The BSE benchmark Sensex on Wednesday closed below 19,000 level for the first time in three weeks, falling by 124 points amid concerns that withdrawal of support to the government by the DMK may jeopardise pace of economic reforms.
The Sensex closed 123.91 points lower, or 0.65 per cent, to 18,884.19, a level seen on March 1. The index had lost over 562 points in last three sessions.
Similarly, the broad-based National Stock Exchange index Nifty fell below 5,700 level, by losing 51.55 points, or 0.90 per cent, to 5,694.40.
Brokers said market sentiment turned bearish after the DMK withdrew support to the Congress-led UPA government on Sri Lankan Tamil issue and raised fears of halt in the ongoing economic reforms.

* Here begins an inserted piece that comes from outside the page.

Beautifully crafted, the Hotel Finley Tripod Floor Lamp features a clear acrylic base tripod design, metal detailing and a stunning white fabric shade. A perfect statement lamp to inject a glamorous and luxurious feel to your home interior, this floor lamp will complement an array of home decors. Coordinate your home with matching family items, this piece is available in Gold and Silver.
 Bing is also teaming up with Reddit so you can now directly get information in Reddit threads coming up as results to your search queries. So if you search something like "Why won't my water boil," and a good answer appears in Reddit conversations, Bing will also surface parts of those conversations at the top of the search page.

They said the investor confidence also dampened as the Reserve Bank of India had yesterday, while cutting short-term lending rate, said that there is limited room for further monetary easing.
The current downfall was led by stocks of financial and interest-sensitive stocks like realty and banking sectors.

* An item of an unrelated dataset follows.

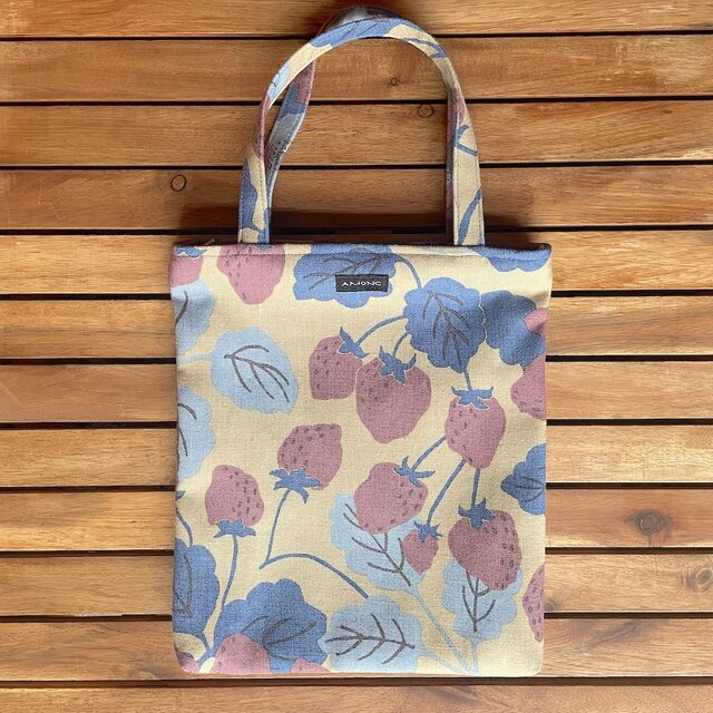 イチゴ柄で一期一会と名付けたテキスタイルから、小さくて素敵なミニトートバッグができました!嬉しいファスナー付きです!

Shares of Housing Development and Infrastructure plunged by 19.90 per cent to Rs 48.70 after credit agency Credit Analysis and Research downgraded the company's non-convertible debentures issue.
State Bank of India dropped by 3.87 per cent to Rs 2,117.75, ICICI Bank by 2.85 per cent to Rs 1,001.60, HDFC Bank by 0.78 per cent to Rs 4.90, Axis Bank by 1.65 per cent to Rs 1,300.30 and Yes Bank by 1.72 per cent to Rs 431.50.

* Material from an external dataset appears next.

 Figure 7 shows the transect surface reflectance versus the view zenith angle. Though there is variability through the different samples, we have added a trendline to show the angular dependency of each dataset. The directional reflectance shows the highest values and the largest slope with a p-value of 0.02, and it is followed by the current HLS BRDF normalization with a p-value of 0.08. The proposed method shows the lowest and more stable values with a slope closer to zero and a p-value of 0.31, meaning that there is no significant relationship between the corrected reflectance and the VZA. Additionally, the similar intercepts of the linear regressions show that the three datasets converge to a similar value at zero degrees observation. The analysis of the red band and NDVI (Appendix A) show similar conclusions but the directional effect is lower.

In 30-BSE index components, 19 stocks declined led by Reliance Industries, Larsen and Toubro, BHEL, Maruti Suzuki, NTPC, ONGC, Hindalco and Bharti Airtel.
Bucking the weak trend, the stocks of Infosys, Tata Consultancy Services, Cipla, Dr Ready, Hero MotoCorp, Hindustan Uniliver and ITC gained and capped the losses to some extent.